--- START ---

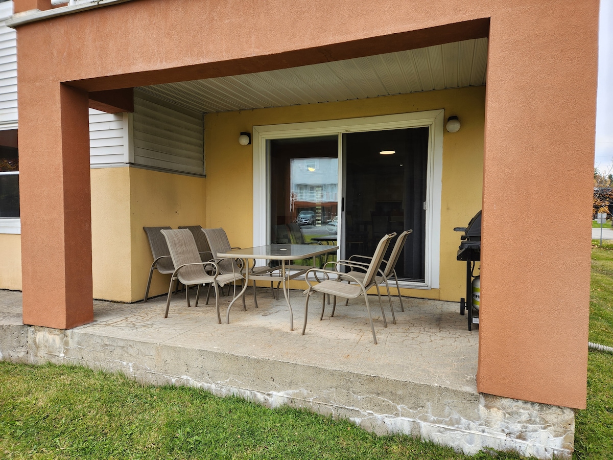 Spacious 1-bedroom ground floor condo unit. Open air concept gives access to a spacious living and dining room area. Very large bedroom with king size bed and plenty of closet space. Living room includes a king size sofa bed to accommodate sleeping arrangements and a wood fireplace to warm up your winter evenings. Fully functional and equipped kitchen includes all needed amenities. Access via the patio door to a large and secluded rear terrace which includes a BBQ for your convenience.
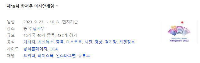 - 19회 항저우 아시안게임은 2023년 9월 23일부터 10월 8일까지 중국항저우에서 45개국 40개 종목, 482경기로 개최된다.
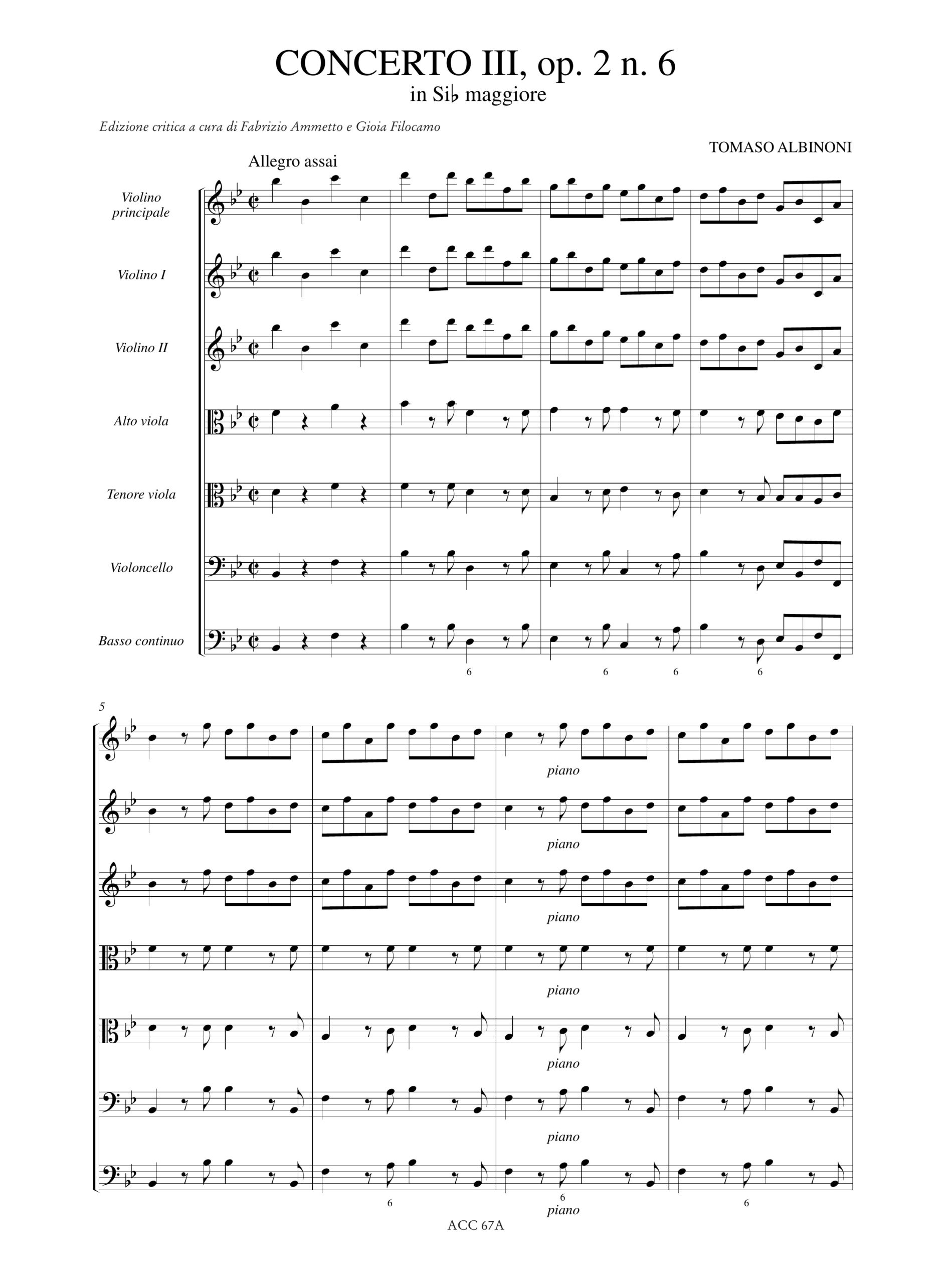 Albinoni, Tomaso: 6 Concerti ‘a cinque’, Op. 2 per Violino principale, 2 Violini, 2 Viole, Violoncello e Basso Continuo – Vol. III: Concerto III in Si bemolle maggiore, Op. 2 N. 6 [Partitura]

--- END ---

### WORK REQUIRED
Output the material above exactly, without pictures.

### SOLUTION FOR THIS PROBLEM
 Spacious 1-bedroom ground floor condo unit. Open air concept gives access to a spacious living and dining room area. Very large bedroom with king size bed and plenty of closet space. Living room includes a king size sofa bed to accommodate sleeping arrangements and a wood fireplace to warm up your winter evenings. Fully functional and equipped kitchen includes all needed amenities. Access via the patio door to a large and secluded rear terrace which includes a BBQ for your convenience.
 - 19회 항저우 아시안게임은 2023년 9월 23일부터 10월 8일까지 중국항저우에서 45개국 40개 종목, 482경기로 개최된다.
 Albinoni, Tomaso: 6 Concerti ‘a cinque’, Op. 2 per Violino principale, 2 Violini, 2 Viole, Violoncello e Basso Continuo – Vol. III: Concerto III in Si bemolle maggiore, Op. 2 N. 6 [Partitura]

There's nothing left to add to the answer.